= Francisco Nunes da Rosa =

Francisco Nunes da Rosa (22 February 1871? – 13 September 1946) was a Portuguese Catholic priest, short story writer and journalist.

==Biography==
Born in Rio Vista, California, United States of America, to Portuguese migrants, he returned with them, at the age of five, to Madalena, Pico Island.

Ordained in 1893, he became the parish priest at the Church of Santíssima Trindade in Mosteiro, on Flores Island, post he held until transferring to the parish of Nossa Senhora da Boa Nova das Bandeiras, on Pico Island, in 1896, where he remained until his death.

While on Flores (1893-6), he wrote Pastorais do Mosteiro (1904) and while in Bandeiras (1896-1946) he wrote Gente das Ilhas.

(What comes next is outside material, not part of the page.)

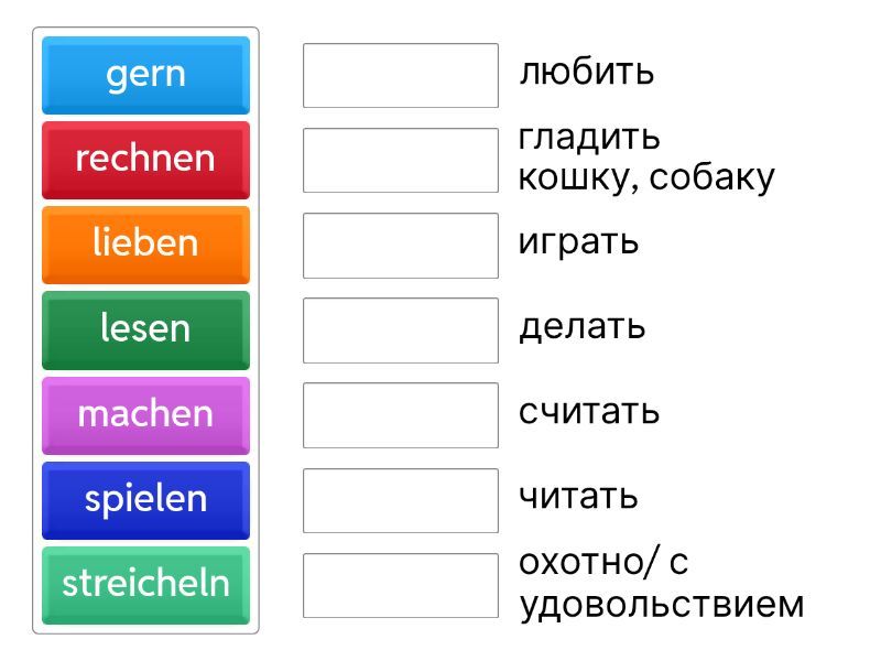 spielen - играть, heißen - называться, sein - быть, lieben - любить, hören - слушать/слышать, schwimmen - плавать, machen - делать, gern - охотно/ с удовольствием, dick - толстый, streicheln - гладить кошку, собаку, lesen - читать, rechnen - считать, malen - рисовать, schreiben - писать,

Tomás da Rosa considers Nunes da Rosa one of the greatest Azorean storytellers, possibly second only to Vitorino Nemésio, deserving of a prominent place in the panorama of national fiction (Rosa, 1977), and, while “not reaching the level of the great Portuguese storytellers, he is, along with Florêncio Terra, a literary figure deserving of national projection, due to the quality of some of his stories of deep human expression with authentic, lively characters, in a very regional environment” (Rosa, 1990: 69).

He died in Bandeiras, Madalena, Pico Island on 13 September 1946.

==Bibliography==
- Rosa, Tomás da. (1977), Gente das ilhas de Nunes da Rosa. Vigília, Horta.
- Rosa, Tomás da. (1990), Alguns estudos, Horta, Câmara Municipal da Horta.